For more control over the migration process, you can use the `MigrationManager` directly:

```python
from async_easy_model import MigrationManager, EasyModel
from your_app.models import User, Post

async def check_pending_migrations():
    migration_manager = MigrationManager()
    changes = await migration_manager.detect_model_changes([User, Post])
    
    if changes:
        print("Pending model changes:")
        for model_name, info in changes.items():
            print(f"- {model_name}: {info['status']}")
    else:
        print("All models are up to date.")

async def apply_migrations():
    migration_manager = MigrationManager()
    results = await migration_manager.migrate_models([User, Post])
    
    if results:
        print("Applied migrations:")
        for model_name, operations in results.items():
            print(f"- {model_name}: {len(operations)} operations")
```

## Configuration

EasyModel supports multiple ways to configure your database connection, making it easy to adapt to different environments and requirements.

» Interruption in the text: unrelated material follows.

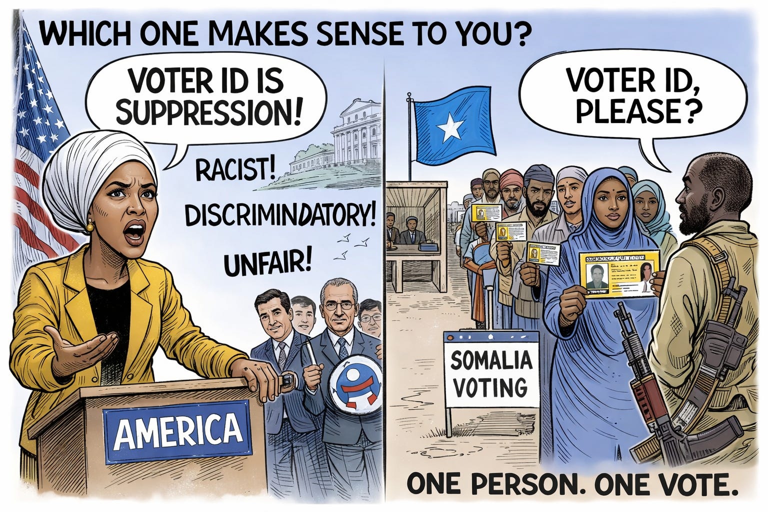 We live in a country where you need ID to buy cold medicine, rent a kayak, or return a pair of socks at Target but somehow, asking for it at the ballot box is treated like a hate crime. The same politicians who preach “protect our democracy” are allergic to the most basic adult standard: prove you are who you say you are. Everywhere else on the planet — from France to freakin’ Somalia voter ID is normal. Here? It’s a meltdown.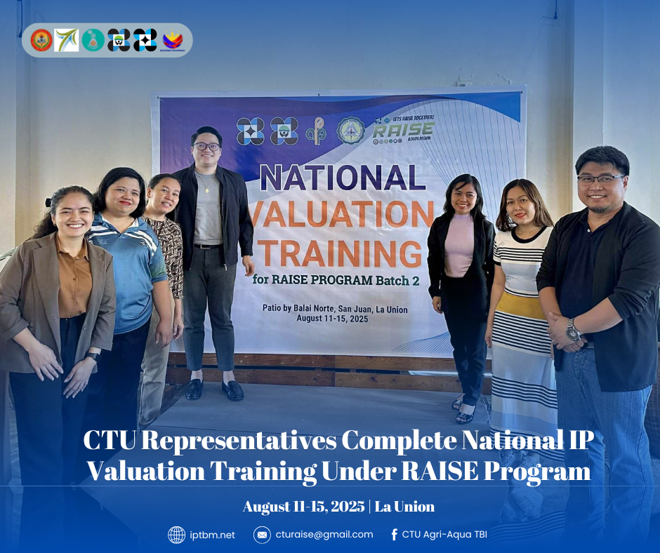 Among the graduates were Dr. Adrian P. Ybañez, Project Leader of the Regional Agri-Aqua Technology Business Incubator (ATBI) in Central Visayas, and Engr. Naomi A. Bajao, Project Staff III of CTU’s Intellectual Property and Technology Business Management (IPTBM) office. Both completed the rigorous two-part training and presented their respective IP valuation reports, demonstrating CTU’s commitment to strengthening intellectual property management and advancing agri-aqua technology commercialization in the region.

### 1. Using Environment Variables

Environment variables provide a secure and flexible way to configure your database connection, especially for production deployments.

For PostgreSQL:
```bash
POSTGRES_USER=your_user
POSTGRES_PASSWORD=your_password
POSTGRES_HOST=localhost
POSTGRES_PORT=5432
POSTGRES_DB=your_database
```

For SQLite:
```bash
SQLITE_FILE=database.db
```

### 2. Using Configuration Methods

Configuration methods provide a programmatic way to set up your database connection, which is often more convenient during development.

For PostgreSQL:
```python
from async_easy_model import db_config

db_config.configure_postgres(
    user="your_user",
    password="your_password",
    host="localhost",
    port="5432",
    database="your_database"
)
```

For SQLite:
```python
from async_easy_model import db_config

db_config.configure_sqlite("database.db")
```

## Examples

For more detailed examples and practical applications, check out the `examples` directory in the repository:

- `examples/relationship_example.py`: Demonstrates the enhanced relationship handling features
- `examples/diario_example.py`: Shows how to use relationship features with diary entries
- `examples/query_methods_example.py`: Shows how to use the query methods with ordering
- `examples/minimal_working_example.py`: Basic example of model definition and CRUD operations
- `examples/simple_auto_detection.py`: Demonstrates automatic relationship detection with SQLite
- `examples/simple_auto_relationship.py`: Shows how to use auto-relationships with explicit definitions
- `examples/comprehensive_auto_rel_example.py`: Comprehensive example with multiple models and relationships

For complete documentation of all features, see the [DOCS.md](DOCS.md) file.

## Contributing

Contributions are welcome! Please feel free to submit a Pull Request.

## License

This project is licensed under the MIT License - see the LICENSE file for details.